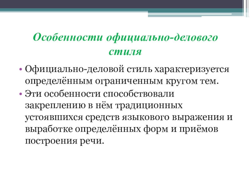 Официально-деловой стиль характеризуется определённым ограниченным кругом тем.
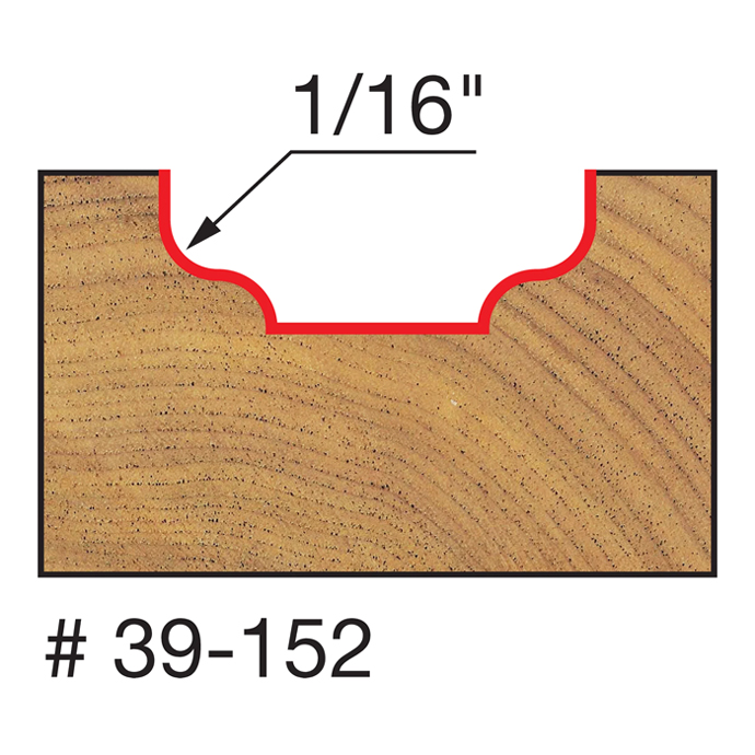 Manufacturer Freud Part Number 39-152-FRD Manufacturer's Part 39-152 Weight 0.060 lbs UPC/EAN Code 8925383666 Diameter 1/2" Overall Length 1-9/16" Type Ogee No. of Cutters 2 Max. RPM 24,000 RPM Carbide Height 5/16" Radius 1/16" Small Diameter 1/4"
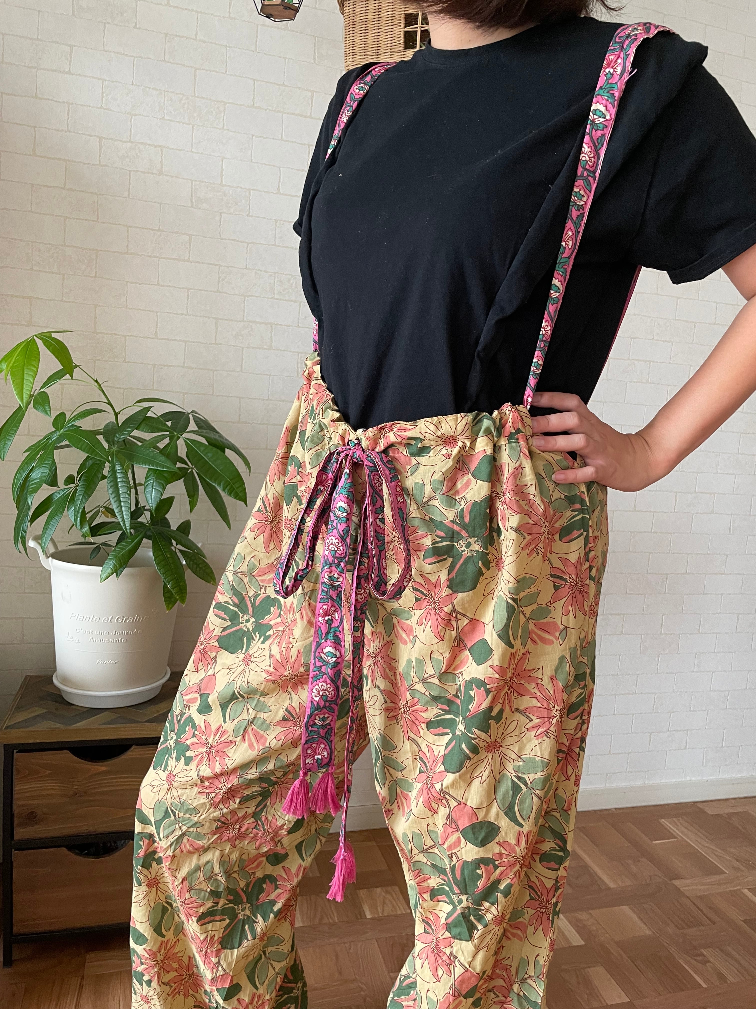 くすみベージュにベビーピンクとベージュとグリーンの大きい花柄、肩紐はショッキングピンクのボーダー生地、リボンの先のピンクのタッセルがポイント!
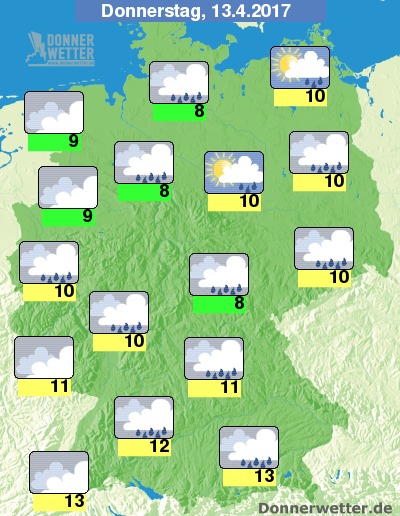 An Gründonnerstag bleibt der Himmel meist bedeckt, einzelne Aufheiterungen gibt es hier und da vor allem mal im Nordosten. Immer wieder fällt Regen, dazu Werte um kühle 8 bis 13 Grad C.
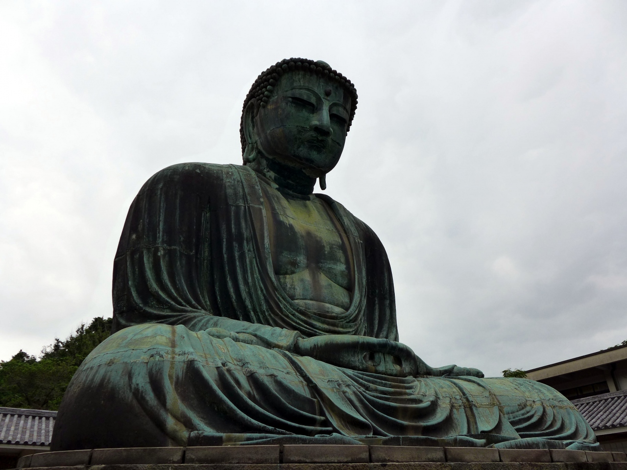 高徳院の境内の中央に鎮座した鎌倉大仏は、優しくも凛々しいお姿で、その存在感はさすがです。
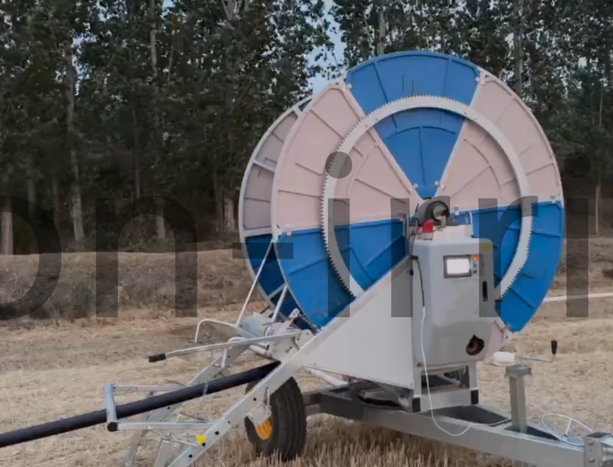JP/D series hose reel sprinkler irrigation system, driven by electric. It is an irrigation equipment with its 1.6Mpa pressure PE pipe winded around the winch, and with the chassis and frame are crafted from outstanding corrosion resistance and high strength 304 stainless and treated with the hot-dip galvanizing process, specially designed for efficient agricultural farming irrigation. The power of the JP/D electric reel sprinkler uses a DC brush-less motor with infinite speed regulation, which has a wide speed range, high torque, high efficiency, and precise control. And the motor is directly connected to the gearbox for transmission, avoiding the traditional method of transmitting torque through a belt drive, which improves the overall transmission efficiency of the machine. It is widely used in large and medium scale farmland operation irrigation, garden, urban green space, fruits and vegetables, tea, forage, tobacco, sugar cane, and power plants, wharf, construction sites, coal dust removal and other fields.
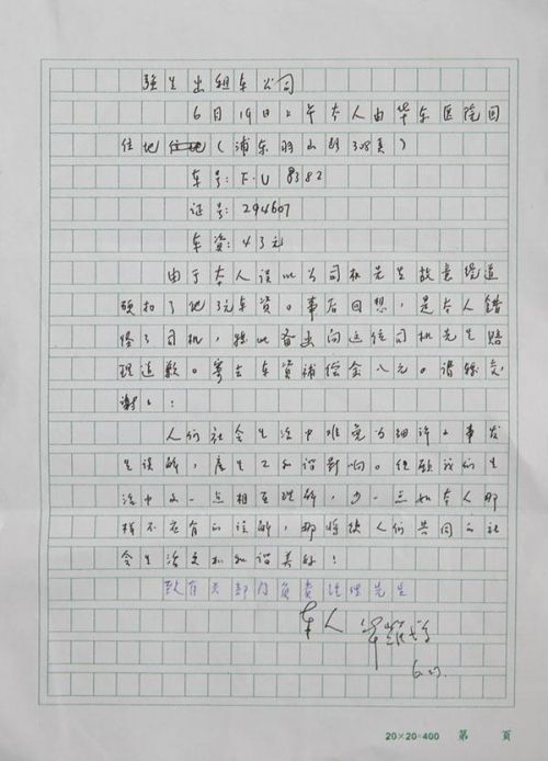 “由于本人誤以為司機先生故意繞道,硬扣了他3元車資。事后回想,是本人錯怪了司機,特此備文向這位司機先生賠禮道歉,寄出車資補償金8元,請轉交,謝謝!人們社會生活中難免為細碎的事發(fā)生誤解,產(chǎn)生不好的影響。但愿我們生活中多一點相互理解,少一點如本人那樣不應有的誤解,讓人們共同的社會生活更加和諧美好!”華老在信中寫道,并根據(jù)發(fā)票信息,附上了車號、證號和車資。
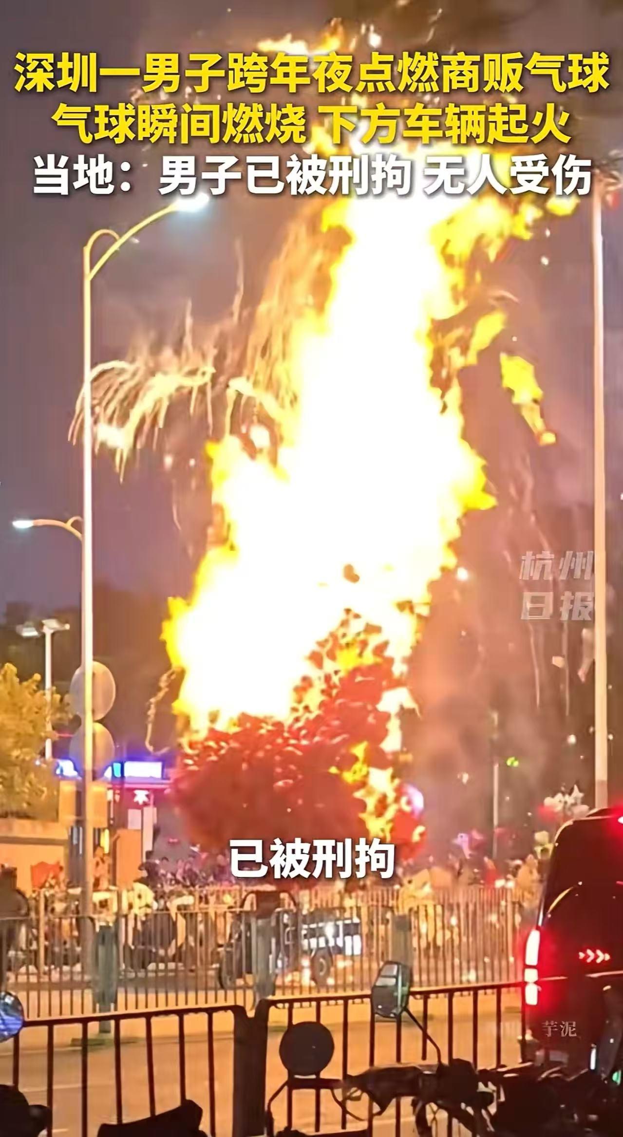 刑拘!深州,商贩跨年夜买气球,一男子却恶意用打火机把气球点燃,瞬间火光冲天!而男子以为这是一个恶作剧,却让自己付出了惨重的代价!网友:这不是玩笑,是从骨子里透出来的坏!万一引发火灾,他必须按纵火罪论处! 跨年夜,深圳的街头热闹非凡,商贩们瞅准时机,在街头摆起了摊,卖起了气球。那一串串红彤彤的气球,在微风中轻轻摇曳,为大街增添了浓浓的喜庆气息。 大家有序地排着队购买,等待着新年倒计时,准备一起把手中象征着美好祝愿的气球放飞天空,让它们带着自己的心愿飘向远方。 可是,一个男子却做出了令人发指的举动。他看到那些气球后,趁着小贩不注意,绕到小贩背后,掏出打火机,毫不犹豫地将气球点燃。 刹那间,火光冲天,气球剧烈燃烧起来。更可怕的是,燃烧的气球还引燃了下方的车辆,火势迅速蔓延,现场一片混乱。 幸运的是,这件事发生在消防救援站旁边。消防人员反应迅速,第一时间赶到现场,使用灭火器将明火扑灭,这才避免了人员伤亡的惨剧发生。 目前,涉事男子因酒后滋事,已被警方刑事拘留,等待他的将是法律的严惩。 此事引发热议,有网友说,这个如果是氢气球的话,这个点火的男人会把他的脸烧的稀巴烂,这个气球绝对不是氢气,应该是氦气,这个商贩是一个非常有责任的商贩,并没有使用被严禁使用的氢气。 也有网友说,这手有多欠,拿别人讨生活的手段取悦自己真是可恶至极,活该被刑拘,还要加倍赔偿人家损失。 还有网友说,这不是玩笑,是从骨子里透出来的坏!这是纵火,太危险了,气球燃烧会引起火灾,特别是人流密集的地方, 我想说,这名男子点燃的哪里仅仅是一团火啊!那是一个普通老百姓一家人的生计,是商贩辛苦劳作换来的希望。 这哪里是“手欠”或者“恶作剧”?这分明是骨子里的恶和对公共安全的极端漠视!拿别人的生计甚至生命安全来满足自己扭曲的取乐心理,这种“玩笑”成本太高,也太危险。 酒后失控不是万能的挡箭牌,成年人必须为自己的行为承担全部责任。这次是运气好没出大事,下次呢? 对这种毫无底线的破坏行为,法律必须严惩,让他为自己的一时“快感”付出沉重代价,也给所有潜在的“看客”和“恶作剧者”一个深刻的警示:危害公共安全,绝不是“好玩”二字可以轻描淡写带过的!
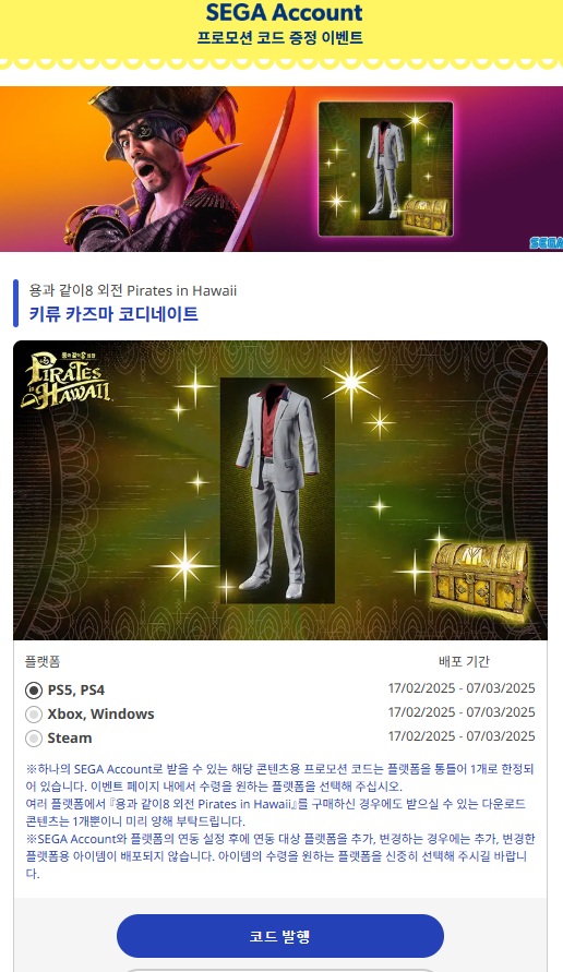 위의 링크에 들어가셔서 세가 어카운트 가입하시면
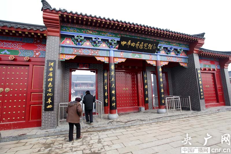 2月14日,游客走進(jìn)河南省寶豐縣中華曲藝展覽館。

------------------------

> _What to produce_: Among the lines above, the one with "Manufacturer Freud Part" opens the part to repeat and the one with "くすみベージュにベビーピンク" closes it; repeat only that part exactly, with no pictures.

> _Task result_:
 Manufacturer Freud Part Number 39-152-FRD Manufacturer's Part 39-152 Weight 0.060 lbs UPC/EAN Code 8925383666 Diameter 1/2" Overall Length 1-9/16" Type Ogee No. of Cutters 2 Max. RPM 24,000 RPM Carbide Height 5/16" Radius 1/16" Small Diameter 1/4"
 くすみベージュにベビーピンクとベージュとグリーンの大きい花柄、肩紐はショッキングピンクのボーダー生地、リボンの先のピンクのタッセルがポイント!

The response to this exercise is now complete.